Иван Волков. Мои Покровские ворота

Иван Волков. Мои Покровские ворота - _27954.jpg

– Про вас говорили: у Ивана узнаваемые глаза Ольги Волковой, лицо нервное, как у отца – Николая Волкова. Вы активно играли в кино и на сцене, а потом – раз! – и пропали…

– Четыре года назад случился сложный период. Все как-то совпало. В «А.Р.Т.О.» («Актерское режиссерское театральное общество». – Прим. ред.) было много работы, мы впахивали плюс материал взяли тяжелый. Складывалось ощущение, что отдаешь больше, чем получаешь. Там еще зал камерный, приходят двадцать-тридцать человек. И дистанции никакой – нос к носу, очень маленькое пространство. Все давило. Как говаривал педагог моей супруги: «Грустный актер – это ЧП». Как раз про меня в то время. Наверное, такие настроения были связаны с внутренним кризисом… Переходным возрастом, что ли. В общем, произошел такой нехороший трезвяк.

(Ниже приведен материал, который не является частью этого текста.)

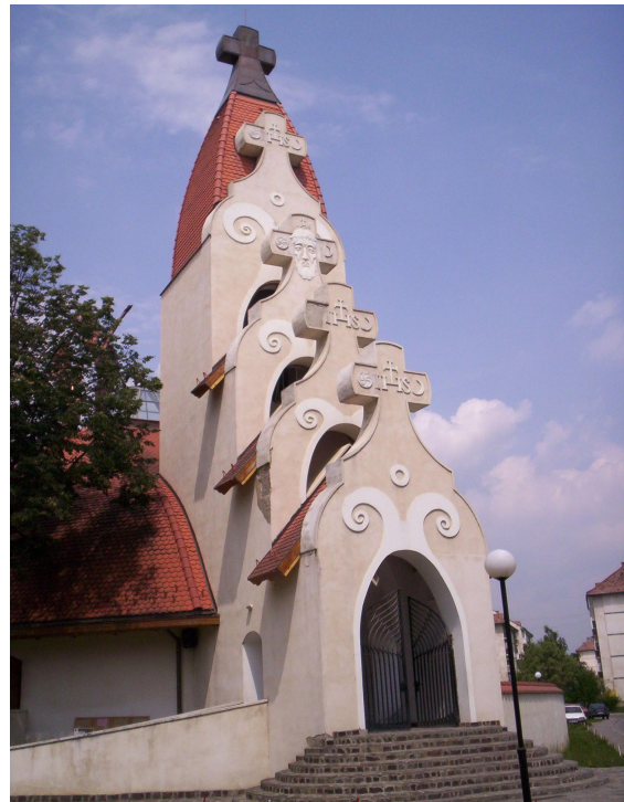
Csíkszeredai katolikus templom

Túlnyomórészt közösségi, gyakran szakrális tereket épített. Makovecz Imre magas szintű közösségi igényét tanúsítja. "Műhelyteremtő egyéniség", aki "rendkívüli közösségi feladatokat" vállalt fel, a Vándoriskolával, a Kós Károly Egyesüléssel, a határon túli kapcsolatokkal és a Magyar Művészeti Akadémia megalapításával.

Когда есть момент непонимания во имя чего и зачем, лучше уйти из профессии или взять паузу. И я начал думать над альтернативами. Фотографией серьезно увлекся, делал студийные съемки. Попробовал себя в звукорежиссуре, вернулся в музыку – стал писать для спектаклей. Так или иначе это все связано с творчеством. Актерскую форму поддерживаю в антрепризных спектаклях. В общем, не пропал я. Просто на данный момент больше работаю в иных качествах. В кино пока музыкального опыта не так много – пять раз выступал в роли композитора, однажды звукорежиссером, но хотел бы развиваться и в этом направлении.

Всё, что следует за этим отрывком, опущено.